An Alberta pet-owner is facing serious consequences for her alleged treatment towards animals. On Thursday, July 30, it was reported that Alberta SPCA charged a woman with seven counts related to animal distress and neglect. The maximum penalty for each count is set at $20,000. 

Dan Kobe, the communications manager of Alberta SPCA (Alberta Society for the Prevention of Cruelty to Animals ) told Narcity in a statement that they actually opened up an investigation quite a few months back. 

"I can confirm we opened an investigation in regards to potential animals in distress on two rural properties southwest of Edmonton in April of 2020," he said. 

During their investigations, Alberta SPCA determined that many animals under the care of this woman "were in distress."

Therefore Peace Officers seized the animals from the property. But Alberta SPCA's statement went on to explain why they did what they did. 

"This action is not intended to be punitive in nature but to allow animals time to recuperate," said the statement. 

"I can confirm we removed a number of horses and cats from property to bring them into better health." 

Alberta SPCA identified the woman in question as Lenna Percheson. As a result of the investigation, she was charged with seven offences. 

The offences fall under the Animal Protection Act.

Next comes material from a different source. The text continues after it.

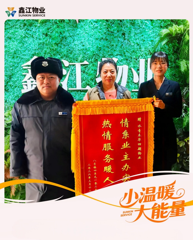 業(yè)主對鑫江物業(yè)快速響應、認真負責、高效尋物的服務和工作態(tài)度贊不絕口,特贈錦旗表達感謝。

The statement then broke down the offences. 

Percheson faces three counts of "causing an animal to be in distress," and two counts of "Failing to provide the animal with adequate care when the animal is wounded or ill." 

The remaining two offences are listed under "failing to ensure the animal has adequate food and water" and "failing to provide the animal with adequate shelter, ventilation and space." 

The maximum penalty for each offence is a $20,000 fine. So if she gets convicted under the full extent of the law, she would face a maximum fine of $140,000. 

The maximum penalty also includes a lifetime ban from owning animals.

The first court date in relation to the case has been scheduled for August 26, 2020, at Breton Provincial Court. 

The investigation is still ongoing, according to the statement. 

The article's cover photo was used for illustrative purposes only.